I've been trying mate unforunately only interest from one so far.
Unfortunately we've got a fair bit on our plate with our club stand at Bitter and Twisted Beer Festival - guys tend to be brewing for that.


----------



## sydneyhappyhour (2/11/11)

My work has set down our office moving date as the weekend of the 26 - 27th, so I will need to be on hand to rewire desktops etc as they come over :angry: If someone has room to take my beers up it would be greatly appreciated, otherwise I am going to have to drop out.


----------



## redbeard (2/11/11)

Can do, thou who is taking Mr Barls swap ? 

If its 1 crate then easy


----------



## barls (2/11/11)

not sure atm, got few feelers out there.


----------



## Gulpa (2/11/11)

barls said:


> not sure atm, got few feelers out there.

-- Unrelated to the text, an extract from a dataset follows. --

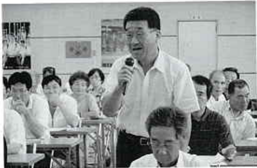
参加者からの質問

Happy to do if needed. Only fair considering.

cheers
andrew


----------



## barls (2/11/11)

cheers andrew. might take you up on that one yet.


----------



## Brewman_ (2/11/11)

Hi Guys,

I am still keen, but running a little late due to things like B&T like Muggus said. But I have a cube ready to go, and will get it started ASAP.

Do you have a beer list to update with the details?

Fear_n_loath


----------



## barls (2/11/11)

here you go mate.
http://www.aussiehomebrewer.com/forum/inde...showarticle=175


----------



## gruntus (10/11/11)

Have we decided on a day & time to do the swap....sat or sun?


----------



## nifty (10/11/11)

Sorry Guys, I'm going to have to drop out of this swap. 

Unfortunately, my Mum is moving house on that weekend and I've been volunteered to help.

nifty


----------



## Gulpa (10/11/11)

Gruntus said:


> Have we decided on a day & time to do the swap....sat or sun?



We should do Saturday. I need to pack up and go quite early on Sunday

cheers
andrew.
(swappers are getting a bit thin on the ground atm).


----------



## nifty (10/11/11)

Although I won't be able to attend the swap, I will have a brew ready. Can anyone fit an extra milk crate in their boot?

cheers

nifty


----------



## barls (11/11/11)

and for the first time in a long time im not going. 
it came down to the choice between this and the sister in laws kids first bday and well the fear of the sister in law won out. 
hope every one has fun up there say hi to shawn if hes there, possibly get him to crack the three or four bottles ive got up there sitting in the corner.
who ever i send my beer with ill send a couple of cold bottles to drink with.


----------



## srcossens (11/11/11)

Gulpa said:


> cheers
> andrew.
> (swappers are getting a bit thin on the ground atm).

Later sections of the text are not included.